* **Work task**
Using the data below, copy every line that contains the word "nakon".

**** Exercise material

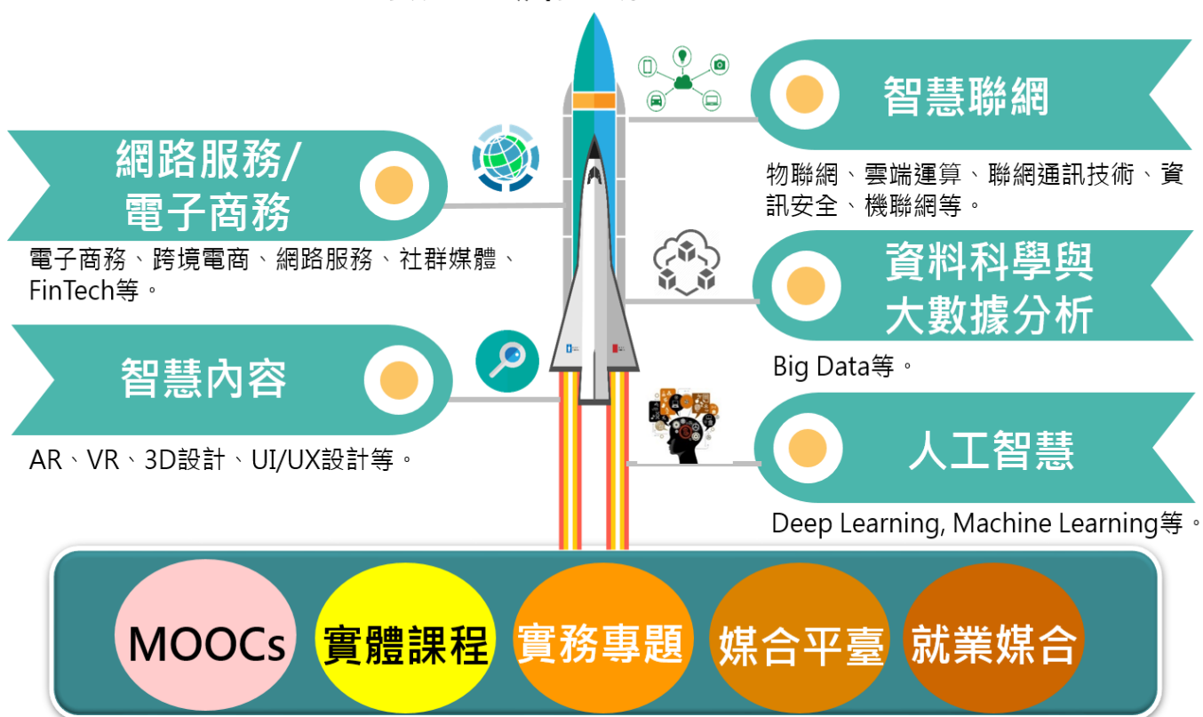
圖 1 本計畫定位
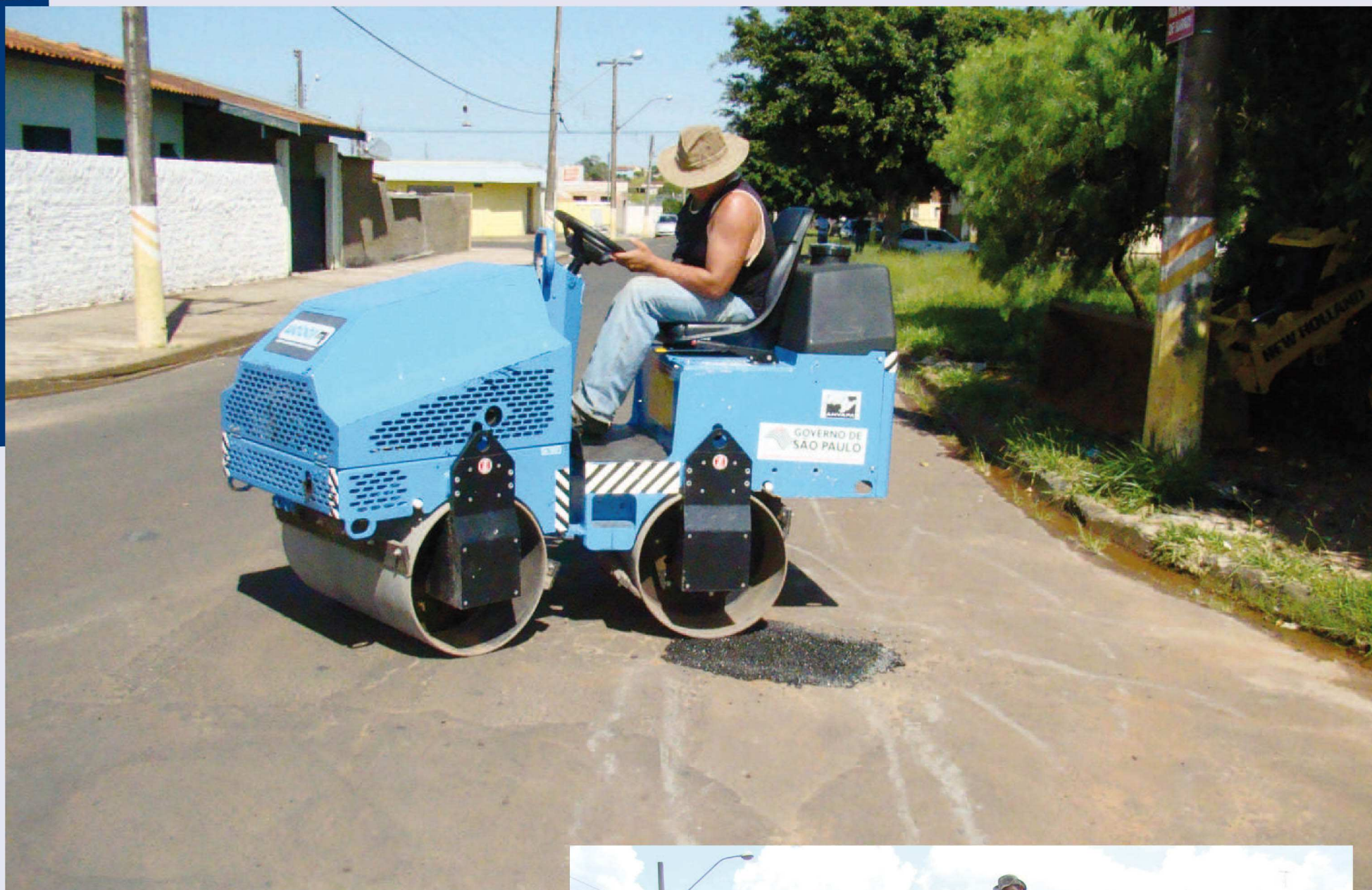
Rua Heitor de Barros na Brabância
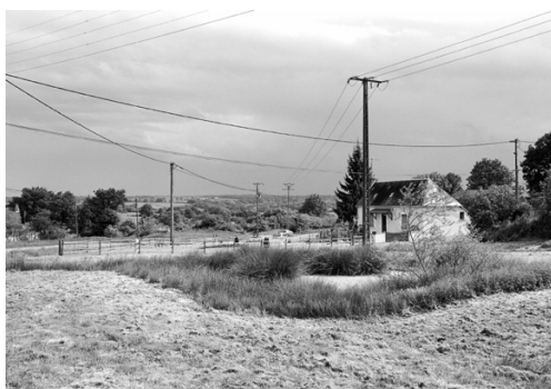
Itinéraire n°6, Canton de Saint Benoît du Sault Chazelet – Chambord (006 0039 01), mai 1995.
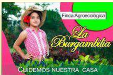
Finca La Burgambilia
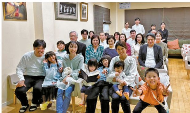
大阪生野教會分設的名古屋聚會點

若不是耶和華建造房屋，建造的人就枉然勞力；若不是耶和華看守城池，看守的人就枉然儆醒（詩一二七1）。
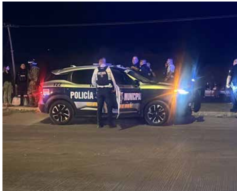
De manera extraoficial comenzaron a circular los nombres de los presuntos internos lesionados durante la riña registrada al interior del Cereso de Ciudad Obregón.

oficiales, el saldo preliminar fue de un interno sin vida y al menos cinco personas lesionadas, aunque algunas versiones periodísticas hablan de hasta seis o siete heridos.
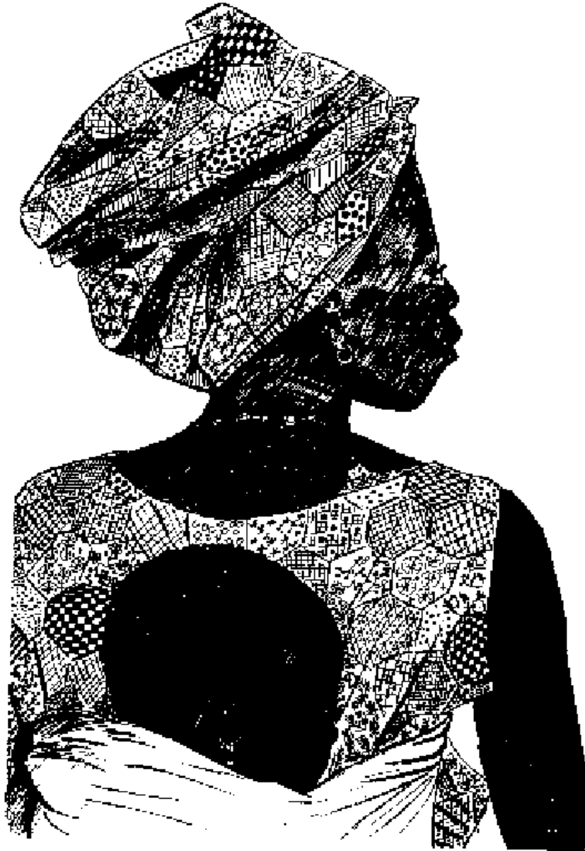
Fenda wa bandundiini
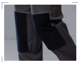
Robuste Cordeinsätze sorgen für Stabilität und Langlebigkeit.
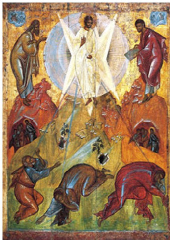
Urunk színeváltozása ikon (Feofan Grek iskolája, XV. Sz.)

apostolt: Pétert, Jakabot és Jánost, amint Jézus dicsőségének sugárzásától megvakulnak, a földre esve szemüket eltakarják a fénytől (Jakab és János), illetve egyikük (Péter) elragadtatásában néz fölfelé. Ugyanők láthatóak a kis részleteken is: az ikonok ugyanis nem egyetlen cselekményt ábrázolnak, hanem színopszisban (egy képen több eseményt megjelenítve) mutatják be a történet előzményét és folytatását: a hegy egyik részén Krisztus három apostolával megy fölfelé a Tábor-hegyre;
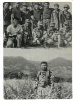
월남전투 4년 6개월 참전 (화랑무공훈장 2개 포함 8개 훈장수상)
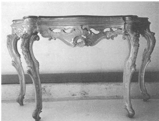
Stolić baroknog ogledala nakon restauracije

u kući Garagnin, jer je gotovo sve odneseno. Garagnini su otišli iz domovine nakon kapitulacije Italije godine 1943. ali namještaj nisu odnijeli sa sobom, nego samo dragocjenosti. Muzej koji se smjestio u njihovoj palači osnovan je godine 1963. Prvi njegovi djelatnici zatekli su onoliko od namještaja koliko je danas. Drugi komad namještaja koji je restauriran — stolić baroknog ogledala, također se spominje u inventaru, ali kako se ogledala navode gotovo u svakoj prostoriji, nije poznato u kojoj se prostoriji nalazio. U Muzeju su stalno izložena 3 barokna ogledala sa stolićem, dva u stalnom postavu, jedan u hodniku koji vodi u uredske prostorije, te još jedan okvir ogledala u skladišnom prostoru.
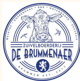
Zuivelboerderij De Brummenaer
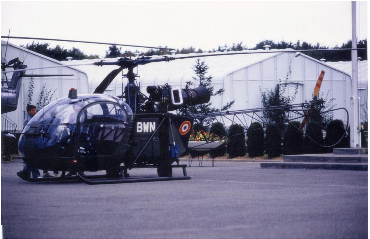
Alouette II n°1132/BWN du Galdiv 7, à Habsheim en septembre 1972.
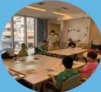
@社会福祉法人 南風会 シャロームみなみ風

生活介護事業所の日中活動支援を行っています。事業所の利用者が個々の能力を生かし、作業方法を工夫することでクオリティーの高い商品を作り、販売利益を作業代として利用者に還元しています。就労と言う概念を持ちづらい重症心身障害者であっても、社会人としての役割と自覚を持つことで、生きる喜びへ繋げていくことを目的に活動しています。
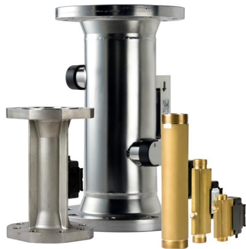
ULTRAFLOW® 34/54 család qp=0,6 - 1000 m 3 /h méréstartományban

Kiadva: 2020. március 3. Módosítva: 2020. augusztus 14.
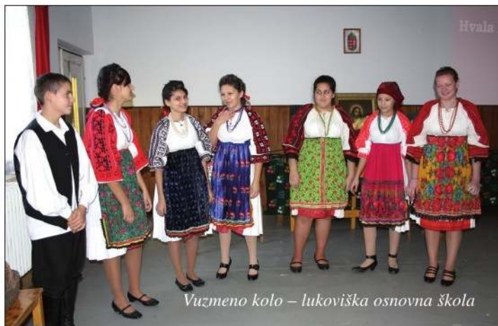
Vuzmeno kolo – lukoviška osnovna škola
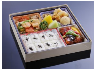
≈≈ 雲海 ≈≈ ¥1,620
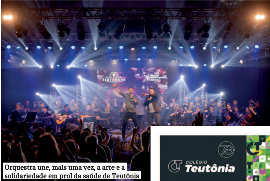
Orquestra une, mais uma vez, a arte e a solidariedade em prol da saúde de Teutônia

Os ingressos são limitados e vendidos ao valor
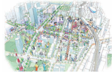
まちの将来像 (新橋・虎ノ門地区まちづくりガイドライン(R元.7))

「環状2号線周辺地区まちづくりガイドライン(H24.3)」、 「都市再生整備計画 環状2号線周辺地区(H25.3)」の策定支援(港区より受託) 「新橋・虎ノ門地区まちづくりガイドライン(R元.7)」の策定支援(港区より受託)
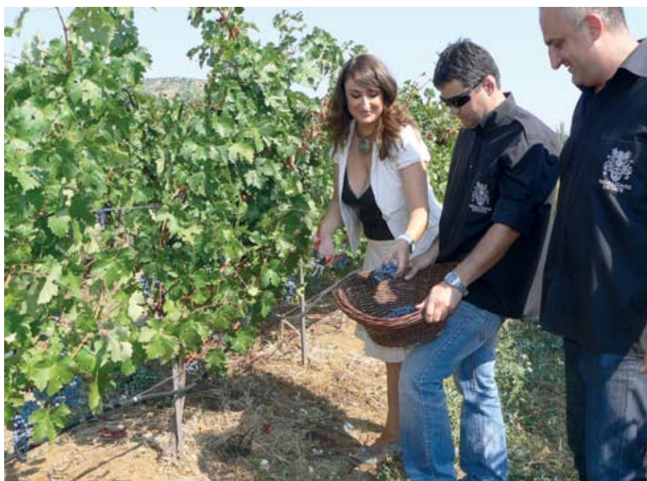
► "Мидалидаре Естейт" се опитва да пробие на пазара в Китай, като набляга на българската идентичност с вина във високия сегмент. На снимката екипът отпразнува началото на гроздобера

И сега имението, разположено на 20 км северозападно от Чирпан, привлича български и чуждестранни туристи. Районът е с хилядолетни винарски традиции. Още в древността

********

* **Reply**
Stolić baroknog ogledala nakon restauracije
u kući Garagnin, jer je gotovo sve odneseno. Garagnini su otišli iz domovine nakon kapitulacije Italije godine 1943. ali namještaj nisu odnijeli sa sobom, nego samo dragocjenosti. Muzej koji se smjestio u njihovoj palači osnovan je godine 1963. Prvi njegovi djelatnici zatekli su onoliko od namještaja koliko je danas. Drugi komad namještaja koji je restauriran — stolić baroknog ogledala, također se spominje u inventaru, ali kako se ogledala navode gotovo u svakoj prostoriji, nije poznato u kojoj se prostoriji nalazio. U Muzeju su stalno izložena 3 barokna ogledala sa stolićem, dva u stalnom postavu, jedan u hodniku koji vodi u uredske prostorije, te još jedan okvir ogledala u skladišnom prostoru.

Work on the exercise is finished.